IF 1.2 4区 医学 Pub Date : 2024-03-01 DOI: 10.1097/JXX.0000000000000962
Jennifer Wells, Stephen C Sorsby

Abstract: Diabetic myonecrosis (DMN) is an underdiagnosed cause of spontaneous extremity pain and swelling in patients with diabetes. Failure to consider this diagnosis in patients with recent onset of extremity pain may lead to inappropriate testing and to treatment that worsens symptoms and delays healing. The following is a case report of recurrent diabetic myonecrosis in a 36-year-old woman that highlights several typical features of this uncommon disorder. We discuss the differential diagnosis and how to rapidly identify DMN, as well as best practices for the treatment of the disorder. We approach most types of muscular pain issues with stretching and exercise, but this approach can result in increased pain and delayed resolution in patients with DMN. Nurse practitioners and other providers should consider DMN when faced with a patient with diabetes and spontaneous extremity pain and understand how to efficiently diagnose this disorder and rule out other causes.

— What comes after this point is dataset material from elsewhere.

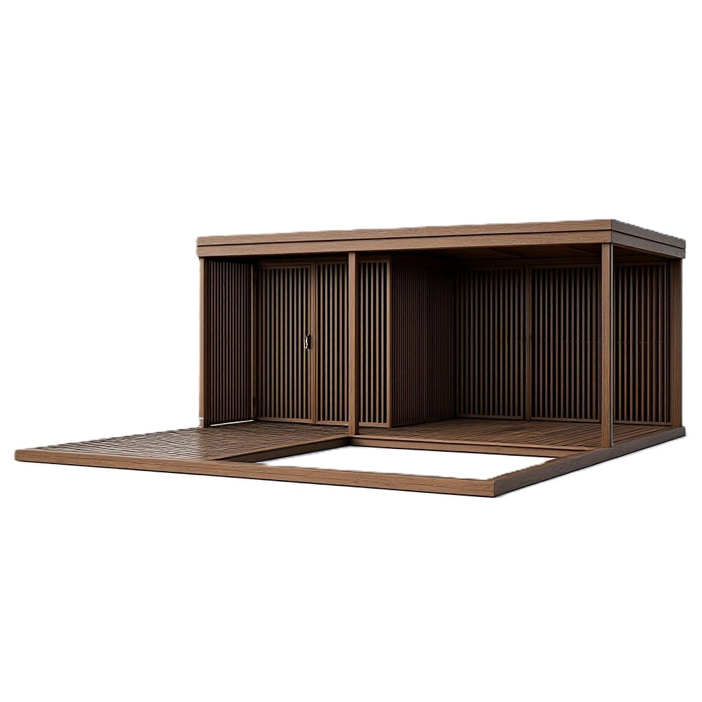 Varjualuse seinad koosnevad üheteistkümnest 1x2,1 m püstise kahepoolse 18x42 mm termopuidust laudisega seinamoodulist ja ühest uksemoodulist. Laudis on õhuline ja otsevaates ei ole läbinähtav.
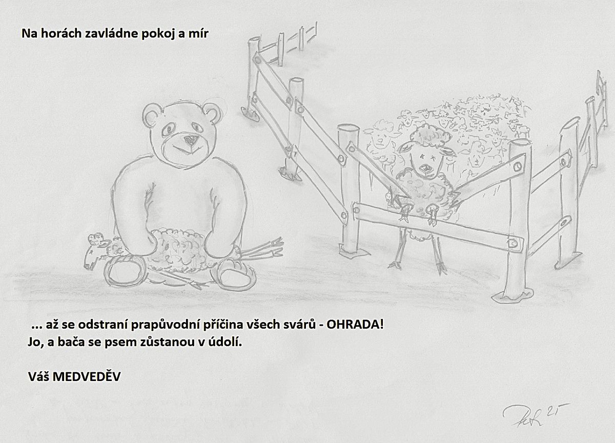 Na horách bude klid a mír … až se odstraní prapůvodní příčina všech svárů - OHRADA! Jo, a bača se psem zůstanou v údolí. Váš MEDVEDĚV

摘要:糖尿病性肌坏死(DMN)是糖尿病患者自发四肢疼痛和肿胀的一个未被诊断的原因。在最近发作的四肢疼痛患者中,如果不考虑这一诊断,可能会导致不适当的测试和治疗,从而恶化症状并延迟愈合。以下是一例36岁女性复发性糖尿病性肌坏死的病例报告,强调了这种罕见疾病的几个典型特征。我们讨论了DMN的鉴别诊断和如何快速识别,以及治疗该疾病的最佳实践。我们通过拉伸和锻炼来解决大多数类型的肌肉疼痛问题,但这种方法可能会导致DMN患者疼痛加剧和缓解延迟。当面对糖尿病和自发性四肢疼痛的患者时,执业护士和其他提供者应该考虑DMN,并了解如何有效诊断这种疾病并排除其他原因。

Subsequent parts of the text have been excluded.